Prompt: Reproduce word for word, from the entries below, the line with "Am Mittwoch, den", the line with "KASTWAVE - غطاء", and every line between them, and nothing more.

The data:
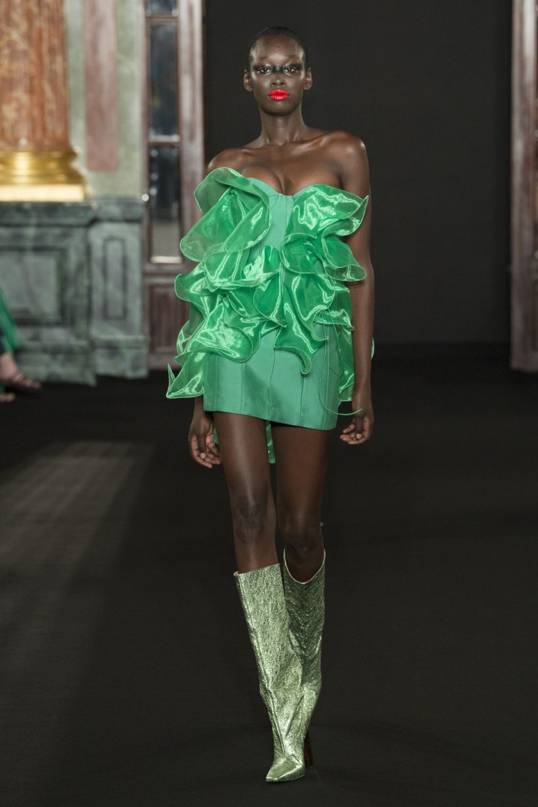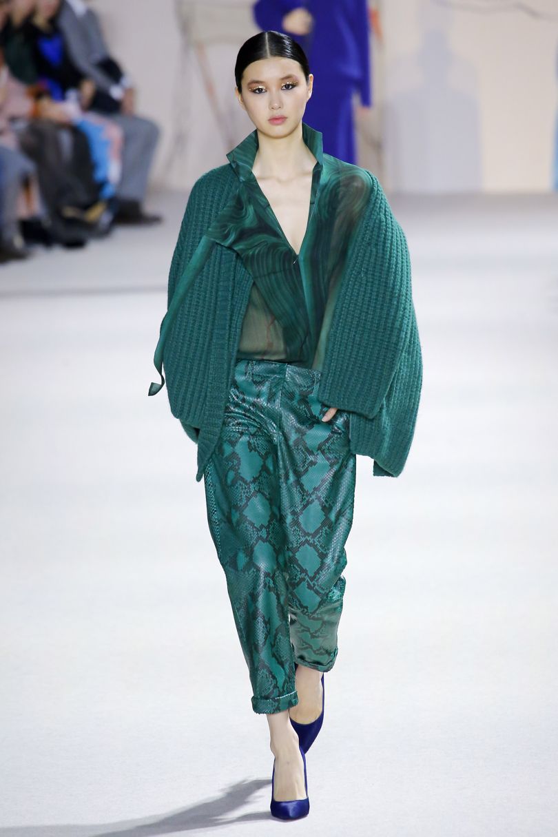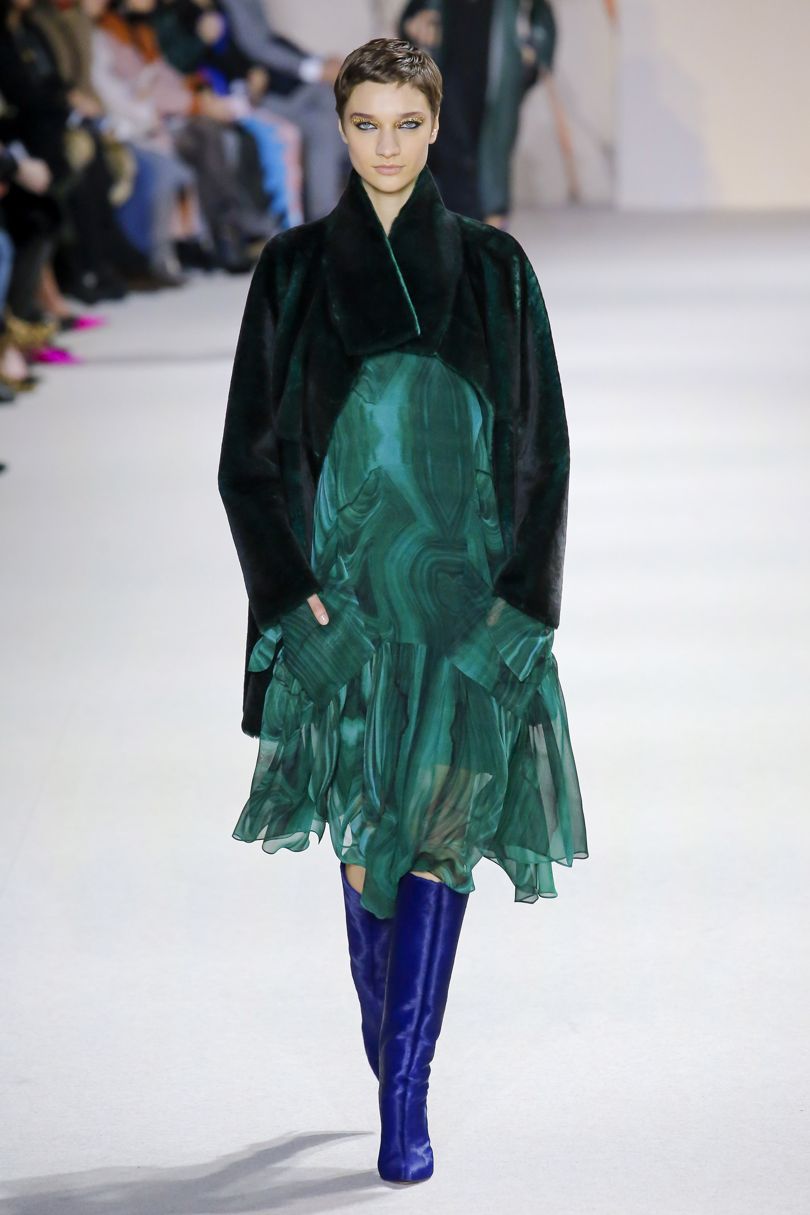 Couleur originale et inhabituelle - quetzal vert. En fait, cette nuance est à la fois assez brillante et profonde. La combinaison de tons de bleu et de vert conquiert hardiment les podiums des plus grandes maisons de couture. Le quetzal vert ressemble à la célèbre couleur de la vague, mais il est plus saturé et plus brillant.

* * *

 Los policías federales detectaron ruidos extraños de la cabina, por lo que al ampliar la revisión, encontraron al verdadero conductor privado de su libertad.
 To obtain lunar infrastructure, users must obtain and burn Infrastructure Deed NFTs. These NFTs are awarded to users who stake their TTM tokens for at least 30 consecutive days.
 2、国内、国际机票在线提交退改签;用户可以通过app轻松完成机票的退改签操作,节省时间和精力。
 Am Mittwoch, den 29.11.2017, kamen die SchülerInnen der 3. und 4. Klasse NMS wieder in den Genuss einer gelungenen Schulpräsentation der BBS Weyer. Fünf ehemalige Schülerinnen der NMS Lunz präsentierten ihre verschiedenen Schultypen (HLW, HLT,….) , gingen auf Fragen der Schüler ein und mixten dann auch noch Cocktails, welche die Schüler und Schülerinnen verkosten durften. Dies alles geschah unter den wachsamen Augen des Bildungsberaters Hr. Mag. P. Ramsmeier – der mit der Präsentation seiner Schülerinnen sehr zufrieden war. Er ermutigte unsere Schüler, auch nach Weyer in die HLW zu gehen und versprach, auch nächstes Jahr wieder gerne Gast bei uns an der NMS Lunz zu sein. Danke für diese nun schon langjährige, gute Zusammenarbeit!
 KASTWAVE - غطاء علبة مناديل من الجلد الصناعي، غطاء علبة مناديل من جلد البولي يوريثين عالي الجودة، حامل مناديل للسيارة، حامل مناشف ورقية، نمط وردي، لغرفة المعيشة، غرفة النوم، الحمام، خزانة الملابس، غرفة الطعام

Output of the exercise:
 Am Mittwoch, den 29.11.2017, kamen die SchülerInnen der 3. und 4. Klasse NMS wieder in den Genuss einer gelungenen Schulpräsentation der BBS Weyer. Fünf ehemalige Schülerinnen der NMS Lunz präsentierten ihre verschiedenen Schultypen (HLW, HLT,….) , gingen auf Fragen der Schüler ein und mixten dann auch noch Cocktails, welche die Schüler und Schülerinnen verkosten durften. Dies alles geschah unter den wachsamen Augen des Bildungsberaters Hr. Mag. P. Ramsmeier – der mit der Präsentation seiner Schülerinnen sehr zufrieden war. Er ermutigte unsere Schüler, auch nach Weyer in die HLW zu gehen und versprach, auch nächstes Jahr wieder gerne Gast bei uns an der NMS Lunz zu sein. Danke für diese nun schon langjährige, gute Zusammenarbeit!
 KASTWAVE - غطاء علبة مناديل من الجلد الصناعي، غطاء علبة مناديل من جلد البولي يوريثين عالي الجودة، حامل مناديل للسيارة، حامل مناشف ورقية، نمط وردي، لغرفة المعيشة، غرفة النوم، الحمام، خزانة الملابس، غرفة الطعام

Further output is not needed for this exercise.